Pandemi, Sukamta Tetap Setia Berjualan Donat

Redaktur: Satmoko Budi Santoso

JAKARTA – Menjalankan kegiatan usaha dalam bidang makanan memang tidak akan pernah ada matinya. Menjalankan kegiatan usaha makanan memang dapat dikatakan sebagai kegiatan usaha yang sangat menggiurkan, dikarenakan dapat mendatangkan keuntungan lumayan besar. Salah satu makanan yang memiliki rasa manis dan tergolong sebagai kue yang sangat populer dan dapat dikembangkan, yakni donat.

Menurut Sukamta (55), donat merupakan olahan makanan yang sangat disukai berbagai kalangan usia mulai dari kalangan anak-anak hingga kalangan dewasa.

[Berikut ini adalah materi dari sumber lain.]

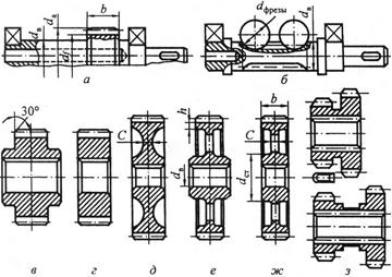 Конструкция зубчатых колеспоказана на рис.3.9. Шестерни с диаметром впадин df, близким к диаметру вала dВ, изготовляют заодно с валом (рис.3.9,а,б). Шестерни и колеса небольшого диаметра (dа≤200 мм) выполняют в виде дисков со ступицами или без ступиц (рис.3.9,в,г). В коробках передач применяют блоки шестерен (рис.3.9,з). Зубчатые колеса и блоки шестерен в зависимости от серийности производства изготовляют штамповкой, ковкой или точением из прутка. Коэффициент использования металла при точении шестерен из прутка равен в среднем 3, при штамповке в закрытых штампах он в 2 раза выше.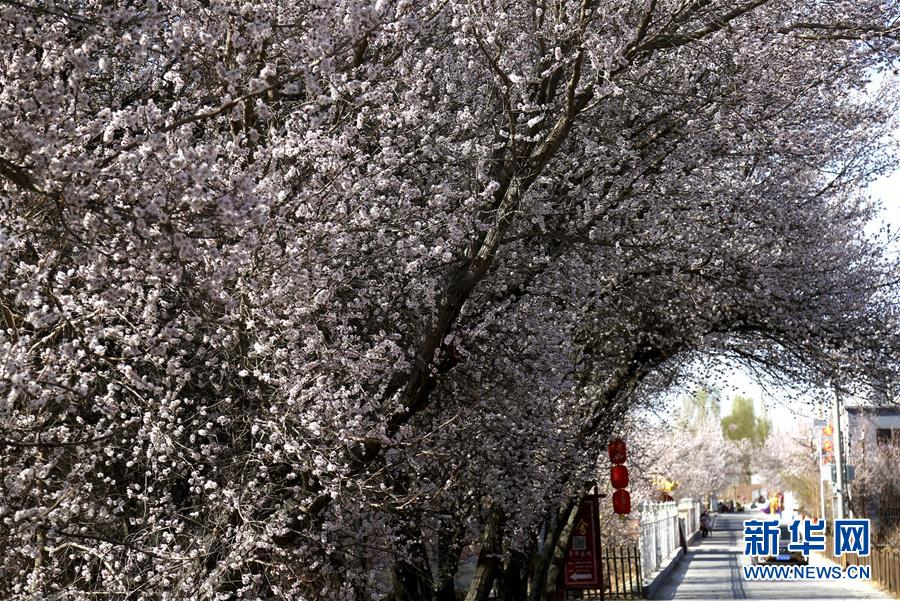 4月4日,在甘肃省敦煌市月牙泉镇月牙泉村,一辆汽车行驶在乡间路上。 近日,鸣沙山下的甘肃省敦煌市月牙泉镇的千亩李广杏花竞相绽放,吸引游客前来踏青赏花。 新华社发(张晓亮 摄)

Bang Ata begitu dirinya biasa disapa oleh anak-anak ini, menceritakan bahwa mulai menjalankan usaha makanan kue donat sejak tahun 1979 dengan harga jual per butir pada saat itu 25 rupiah.

Sukamta, saat melayani pembeli donat, Selasa (16/2/2021). Foto: M. Fahrizal

“Jika ditanya modal awal pada saat itu, otomatis saya sudah lupa berapa modal awalnya, yang pasti saya menjual donat itu berawal dari harga 25 rupiah. Kemudian naik menjadi 50 rupiah, lalu 100 rupiah, naik lagi menjadi 500 rupiah, lalu ke 1000 rupiah lagi. Sekarang menjadi 2000 rupiah per butir. Kalau sekarang modal awalnya sekitar 50 ribu rupiah,” ucapnya, Selasa (16/2/2021).

Bang Ata mengatakan, dirinya memang setia menjual makanan kue donat dikarenakan salah satu alasan yakni anak-anak sangat menyukai donat olahannya.

Setiap pagi mulai pukul 9 hingga jam 5 sore, dirinya berkeliling memikul kotak yang berisi donat untuk dijajakan dengan rute yang dilalui hampir sama setiap harinya, yakni di perkampungan daerah Pasar Minggu.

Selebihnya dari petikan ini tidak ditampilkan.